_What you should do:_
Copy exactly, and only, the lines from the one with "即时零售行业正迎来关键转型期" to the end of the listing; omit pictures.

=======

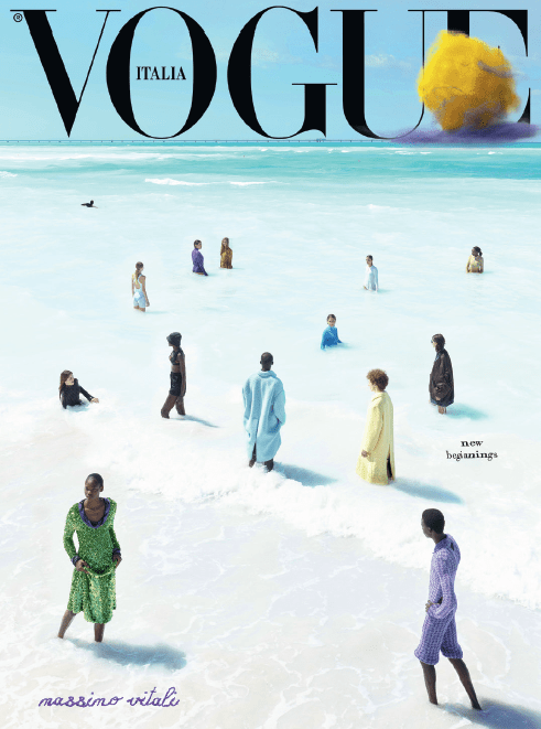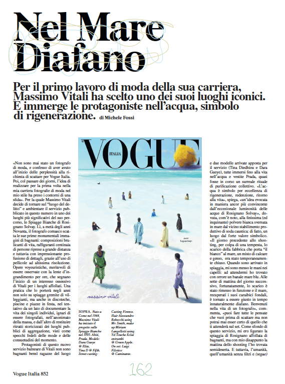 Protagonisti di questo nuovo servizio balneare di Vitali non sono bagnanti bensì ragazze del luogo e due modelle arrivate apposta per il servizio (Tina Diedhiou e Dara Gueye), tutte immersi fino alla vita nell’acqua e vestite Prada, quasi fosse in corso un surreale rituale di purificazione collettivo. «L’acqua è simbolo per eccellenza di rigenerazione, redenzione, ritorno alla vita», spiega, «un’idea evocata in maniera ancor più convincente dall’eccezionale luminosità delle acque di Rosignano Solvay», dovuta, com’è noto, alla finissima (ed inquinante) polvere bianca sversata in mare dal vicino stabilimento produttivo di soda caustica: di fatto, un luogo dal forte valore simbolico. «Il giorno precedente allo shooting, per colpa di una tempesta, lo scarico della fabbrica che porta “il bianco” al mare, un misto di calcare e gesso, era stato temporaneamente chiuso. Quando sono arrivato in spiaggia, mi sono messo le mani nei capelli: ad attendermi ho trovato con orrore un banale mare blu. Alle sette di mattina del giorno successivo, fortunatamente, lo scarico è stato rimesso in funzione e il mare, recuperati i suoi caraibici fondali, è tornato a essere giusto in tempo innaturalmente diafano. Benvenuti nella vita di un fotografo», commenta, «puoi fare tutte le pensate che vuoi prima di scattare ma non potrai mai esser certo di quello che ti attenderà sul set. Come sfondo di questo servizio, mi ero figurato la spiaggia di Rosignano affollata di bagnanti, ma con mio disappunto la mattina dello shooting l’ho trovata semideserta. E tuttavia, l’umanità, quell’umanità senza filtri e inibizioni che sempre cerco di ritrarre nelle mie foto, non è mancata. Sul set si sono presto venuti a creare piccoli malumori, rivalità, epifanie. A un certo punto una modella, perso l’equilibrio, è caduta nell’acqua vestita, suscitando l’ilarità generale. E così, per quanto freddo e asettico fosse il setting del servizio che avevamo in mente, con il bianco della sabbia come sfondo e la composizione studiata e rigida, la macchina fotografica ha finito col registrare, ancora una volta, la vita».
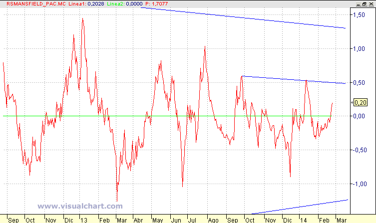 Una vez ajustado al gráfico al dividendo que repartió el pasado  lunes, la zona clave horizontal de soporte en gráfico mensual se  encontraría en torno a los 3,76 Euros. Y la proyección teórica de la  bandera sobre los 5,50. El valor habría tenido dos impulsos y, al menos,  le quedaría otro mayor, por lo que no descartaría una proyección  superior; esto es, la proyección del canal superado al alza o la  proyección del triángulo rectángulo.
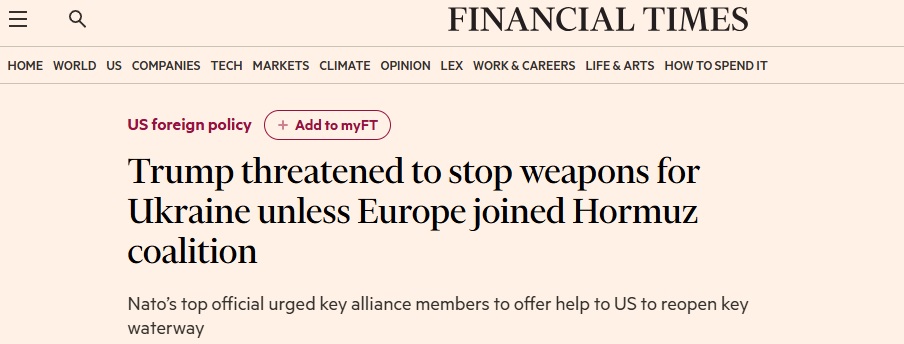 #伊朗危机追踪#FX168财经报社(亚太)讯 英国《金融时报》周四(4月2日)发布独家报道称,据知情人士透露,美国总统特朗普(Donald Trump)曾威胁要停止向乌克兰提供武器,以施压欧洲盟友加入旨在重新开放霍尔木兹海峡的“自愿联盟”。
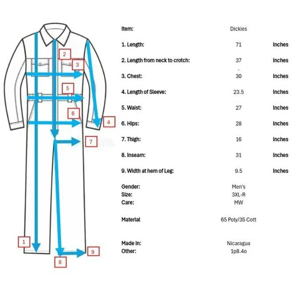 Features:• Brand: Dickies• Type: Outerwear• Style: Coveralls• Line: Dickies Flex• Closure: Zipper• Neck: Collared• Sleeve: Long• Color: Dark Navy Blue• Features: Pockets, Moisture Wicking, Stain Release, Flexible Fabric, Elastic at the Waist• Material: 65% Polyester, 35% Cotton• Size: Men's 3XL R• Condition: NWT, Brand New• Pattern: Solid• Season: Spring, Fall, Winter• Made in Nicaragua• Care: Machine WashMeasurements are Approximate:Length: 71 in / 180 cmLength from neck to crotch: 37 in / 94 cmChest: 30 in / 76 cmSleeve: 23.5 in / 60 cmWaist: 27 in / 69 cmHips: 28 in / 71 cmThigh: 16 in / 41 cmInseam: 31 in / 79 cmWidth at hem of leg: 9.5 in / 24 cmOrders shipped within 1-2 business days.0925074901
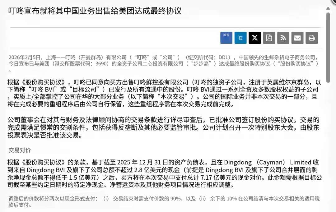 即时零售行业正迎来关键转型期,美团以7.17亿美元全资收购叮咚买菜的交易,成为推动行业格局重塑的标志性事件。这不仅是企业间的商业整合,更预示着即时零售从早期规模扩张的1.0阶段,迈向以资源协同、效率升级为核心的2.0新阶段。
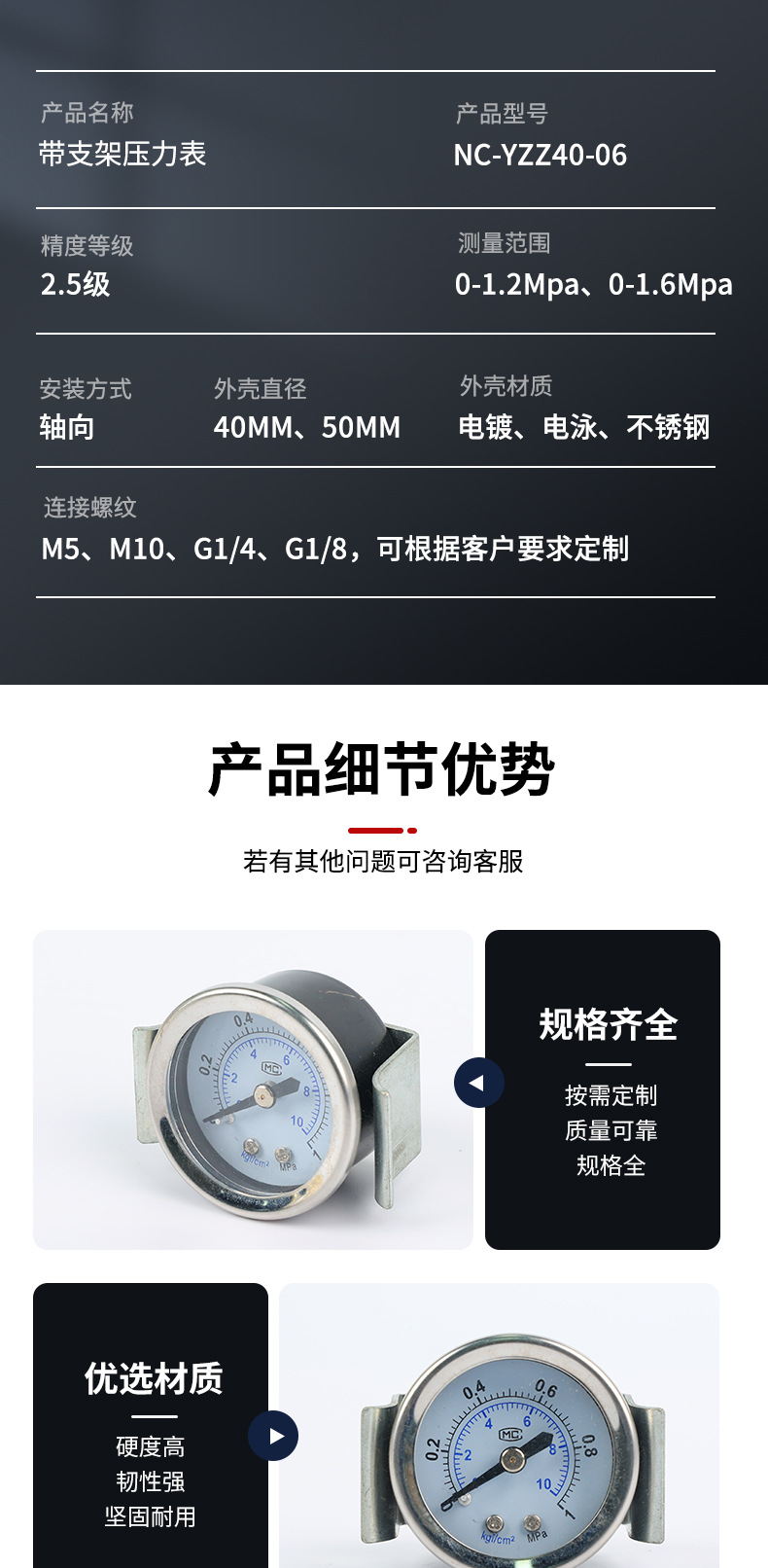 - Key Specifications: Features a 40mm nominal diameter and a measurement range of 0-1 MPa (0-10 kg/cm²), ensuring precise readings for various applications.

=======

_Written solution:_
 即时零售行业正迎来关键转型期,美团以7.17亿美元全资收购叮咚买菜的交易,成为推动行业格局重塑的标志性事件。这不仅是企业间的商业整合,更预示着即时零售从早期规模扩张的1.0阶段,迈向以资源协同、效率升级为核心的2.0新阶段。
 - Key Specifications: Features a 40mm nominal diameter and a measurement range of 0-1 MPa (0-10 kg/cm²), ensuring precise readings for various applications.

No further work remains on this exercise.